Speak with witnesses who heard or read the false statements. Ask them if they’re willing to give a written statement detailing when they heard or read the defamation, how it shocked them, and who sent it to them.

Copies of false statements

Make copies of emails, social site remarks, letters, notes, and any other evidence containing the defamatory statements against you.


This is one of the most challenging aspects of a defamation case. To give the judge or jury something they can base a verdict on, you must also show evidence the defamatory statement exposed you to hatred, ridicule, contempt, or occupational injury. Then, you have to give the jury some way to calculate your actual losses, or “damages.”

If the defamatory statements were per quod and resulted in your losing a job, you have to calculate the amount of income you lost. If you lost customers because of the statements, you have to produce evidence showing the decline of customers after the statements compared with before the statements. And you have exclude other intervening factors.

If the defamation was per se, you need evidence of psychiatric or psychological counseling, names of people who ostracized you after the statements, and how that affected you.

The Role of Attorneys

Defamation of character cases almost always require representation by an experienced personal injury attorney. You just can’t do it alone. It’s rare anyone will admit to making defamatory statements, and even when they do, it’s unlikely they’ll offer you a settlement you think is fair for the amount of harm done to you. It’s safe to say if someone defames you and you want more than just an apology from the “defamer,” you need an attorney.

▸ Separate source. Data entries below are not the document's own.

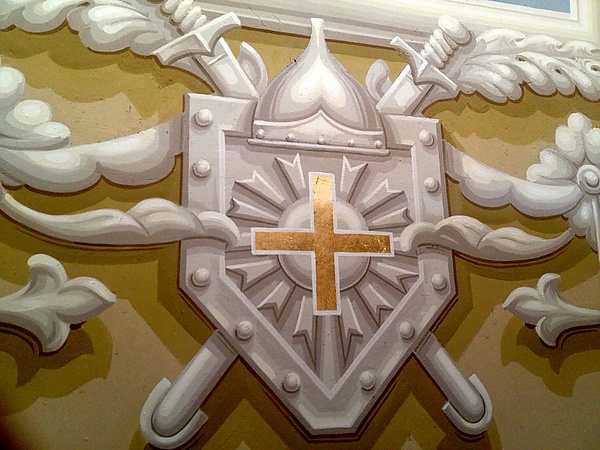 Фронтоны портиков украшены лепными изображениями Георгиевского креста с идущими от него лучами. Ранее на фризе портала в центре была надпись «Въ память побѣды надъ Татарами 1552».
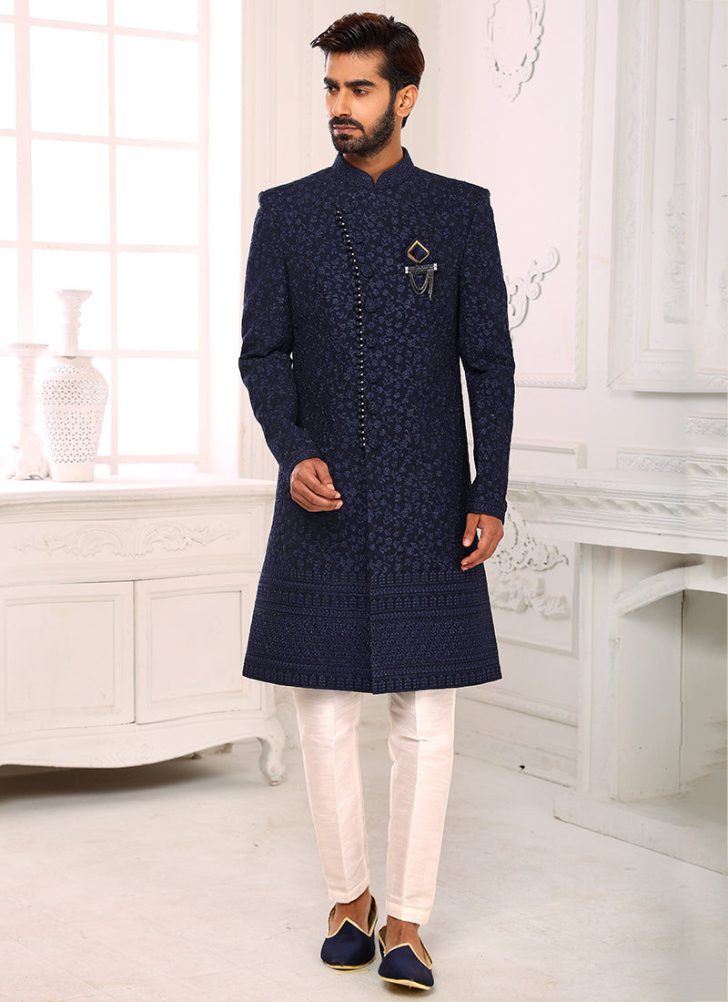 Navy blue Fancy Wedding Wear Weaving Nawabi Indo Western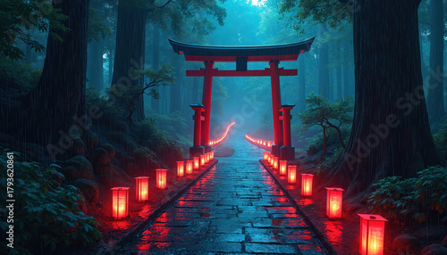 Red torii gate and glowing lanterns line a wet stone path in a foggy Japanese forest at night. Rain falls on trees surrounding the mystical illuminated walkway. Serene scene.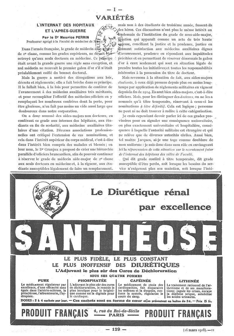 1918, n° 28, partie paramédicale. -

An attorney can use pretrial discovery and take depositions (recorded, sworn statements) of the defamer and others who may have spread the slander or libel. An attorney can subpoena records and, when necessary, file a lawsuit. An attorney will also research previous cases to calculate jury verdicts in similar defamation cases. Doing all this can build a strong enough case and force the defamer to settle before trial.

If it becomes necessary, the attorney can file a lawsuit and argue your case before a jury. In some cases, if the defamation is per se, your attorney may want to proceed to trial to convince the jury to award punitive damages. Punitive damages can range into the hundreds of thousands of dollars.